Everything works, it’s very efficient, public transit and internet is good and it’s extremely safe. It also has great food and has low taxes.
Most Western countries just can’t compete and while the UAE is pretty well run in some aspect, there’s always the religious part which makes me uneasy when I’m there.
As a single person without kids, there is no better place than Singapore.
As a german, are you ok with the human rights violations happening in Singapore
https://en.wikipedia.org/wiki/Human_rights_in_Singapore
https://www.hrw.org/world-report/2025/country-chapters/singa...
As a german, are you ok with the death penalty (for as little as 14 grams of drugs)?
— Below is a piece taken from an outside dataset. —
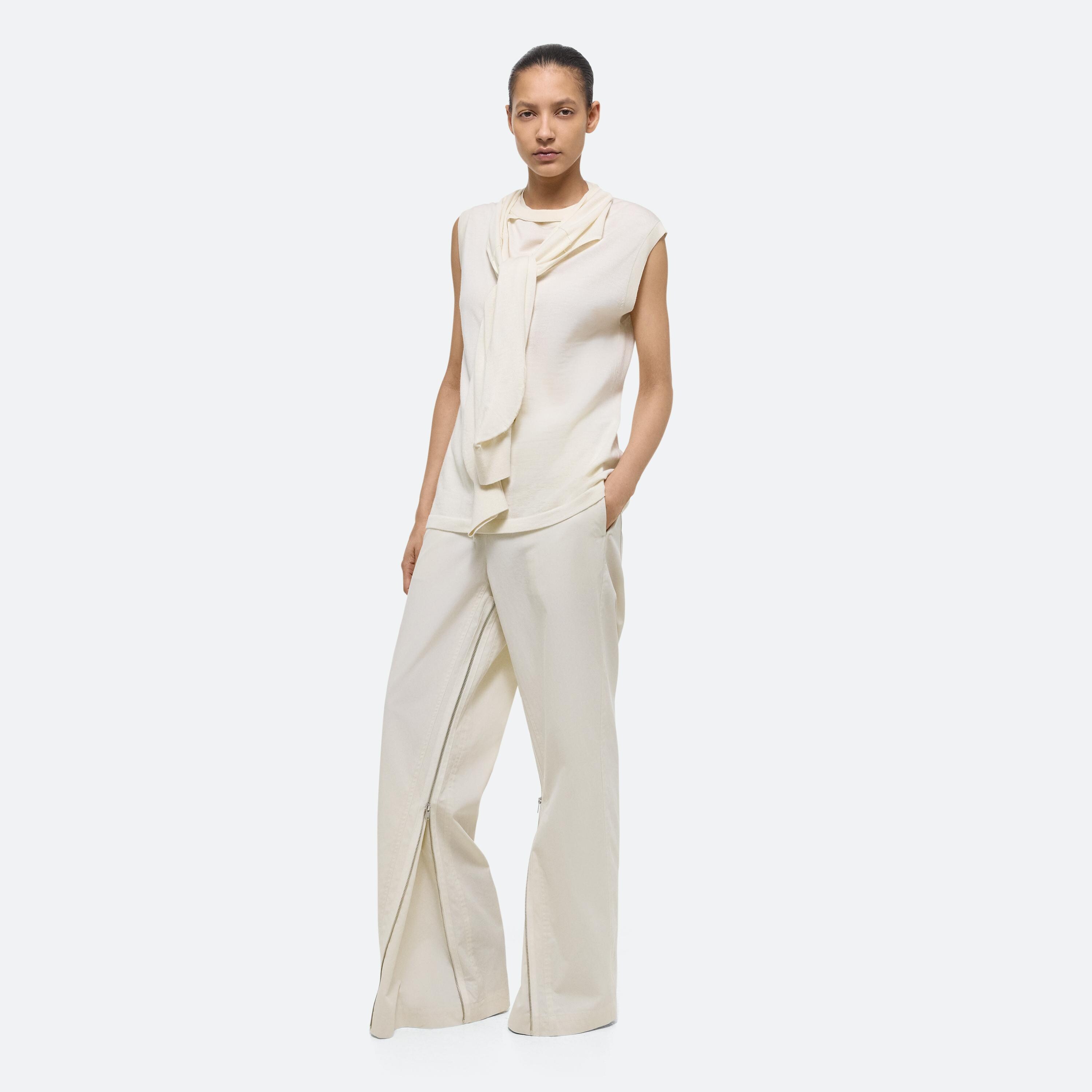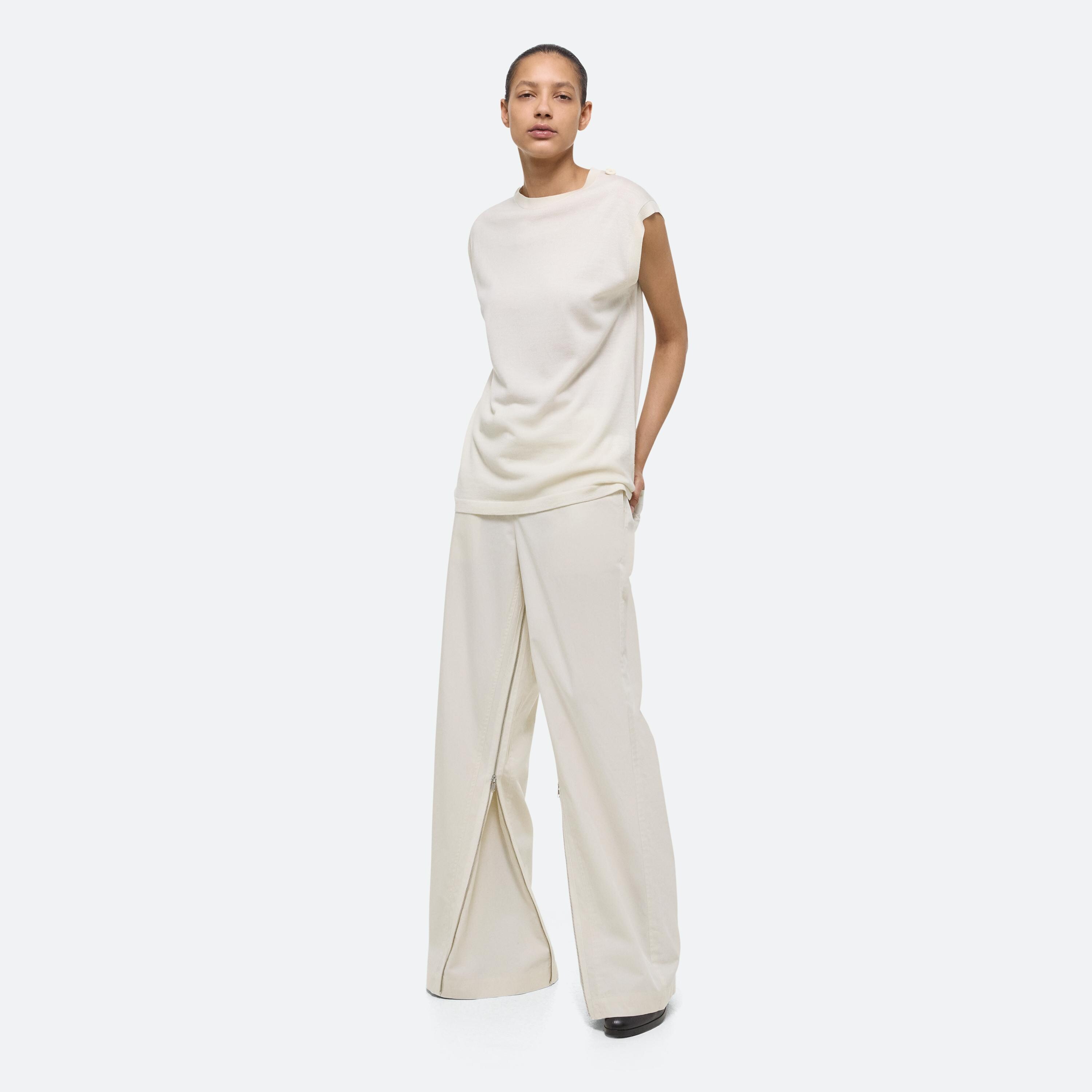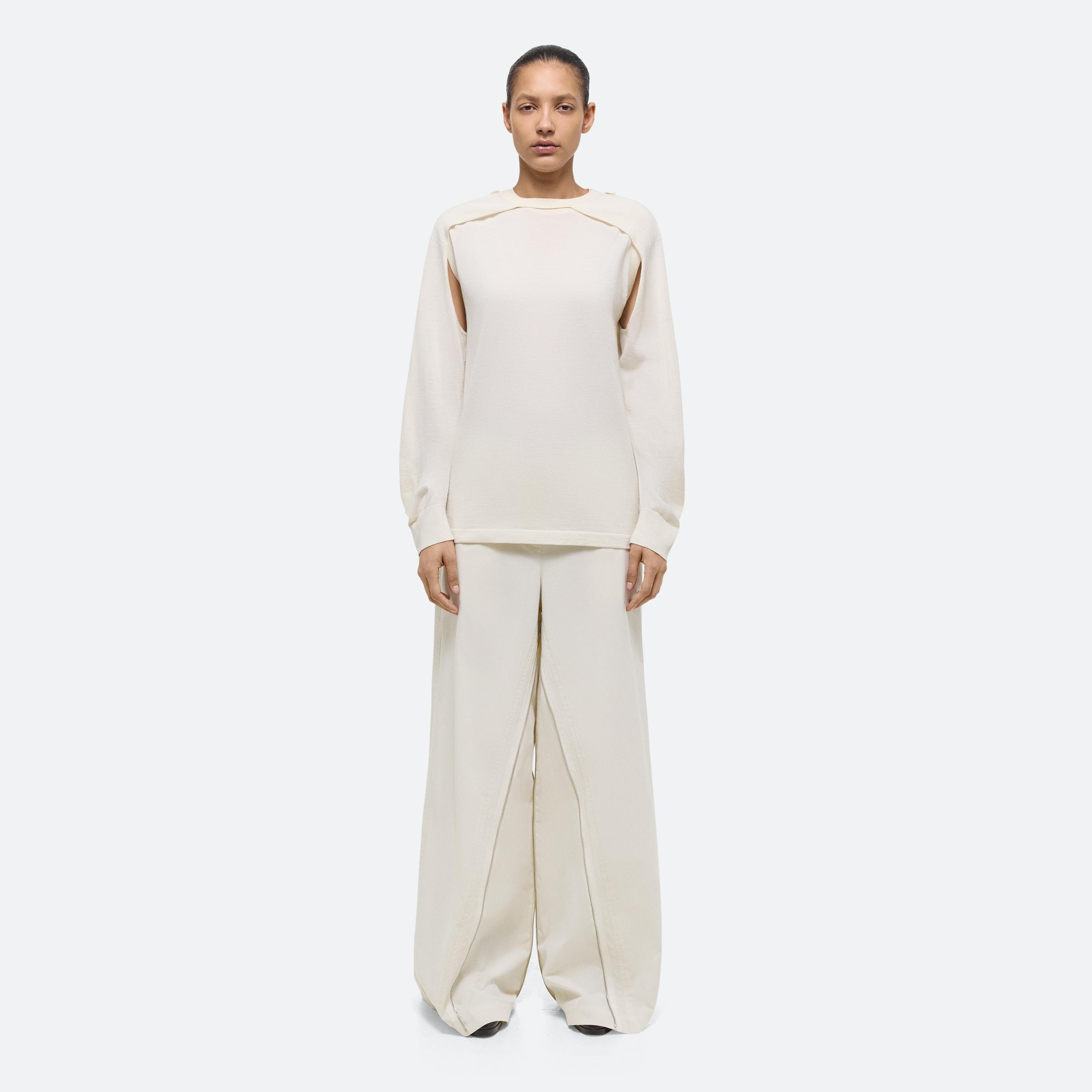 Crewneck sweater with detachable sleeves in Italian wool-silk blend. Wear the sleeveless base alone, layer with the raglan sleeve shrug, or wear sleeves separately as a scart or bolero.

Are you with violent and cruel corporal punishment (for as little as vandalism)?
Yes, for most part. SG has a zero tolerance policy.
I do think the death penalty for drugs is reasonable. Drug dealers destroy families and communities for their own profit. The arrival card in Singapore literally states that smuggling drugs is punishable by death. If you still attempt, that sounds like a “you” problem.
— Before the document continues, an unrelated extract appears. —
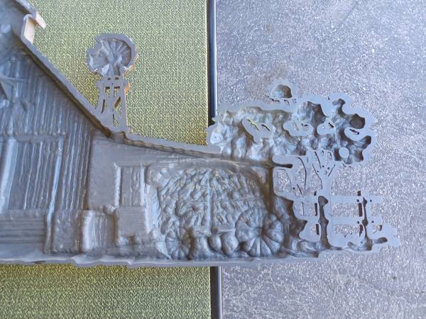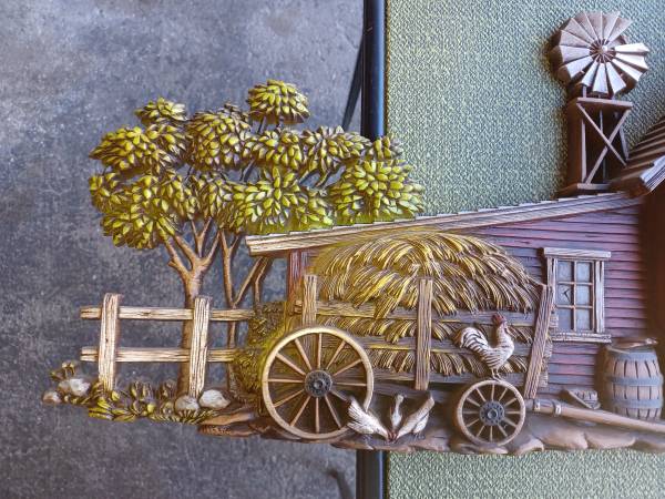 Burwood Products Farm Or Barn Scene #587 1974 $150obo Here WE HAVE: A vintage Burwood Products Co. wall hanging! Marked on the back as model 587 and roman numerals for the year 1974. This is a large 3d farm scene! Features a barn, silo, windmill, hay-filled wagon, an old car up on blocks and various farm tools scattered about. Nice for a farmhouse wall!

Also the punishment for vandalism or rape sounds reasonable.
The treatment of foreign construction workers is not good and can be improved.
> I do think the death penalty for drugs is reasonable.
Well, it's not. It's barbaric and primitive. A warning is no justification.
> Well, it's not. It's barbaric and primitive. A warning is no justification.
It's actually Singapore that turned me against the death penalty. I saw a photo on a news site one day showing a casket in Singapore, with some kind of placard showing the decedent's name, DOB, and then the date that they "died."
They didn't die due to illness or injury; they died because Singapore executed them. That was it for me.
Executing people guilty of serious crimes is good and just. They should have a proper trial, and the crimes should be sufficiently serious, but execution is no more or less "barbaric" than the alternatives. As Adam Smith said, "mercy to the guilty is cruelty to the innocent."
> Executing people guilty of serious crimes is good and just.
Wrong. It's barbaric and primitive.
> execution is no more or less "barbaric" than the alternatives
Yes, it is. People make mistakes. People have infinite possibility to grow, change and contribute to society. Snuffing everything someone is out because of an arbitrary society rule that ultimately does less harm than murder is indefensible.
> "mercy to the guilty is cruelty to the innocent."
Taken as far to defend murder it becomes nonsense.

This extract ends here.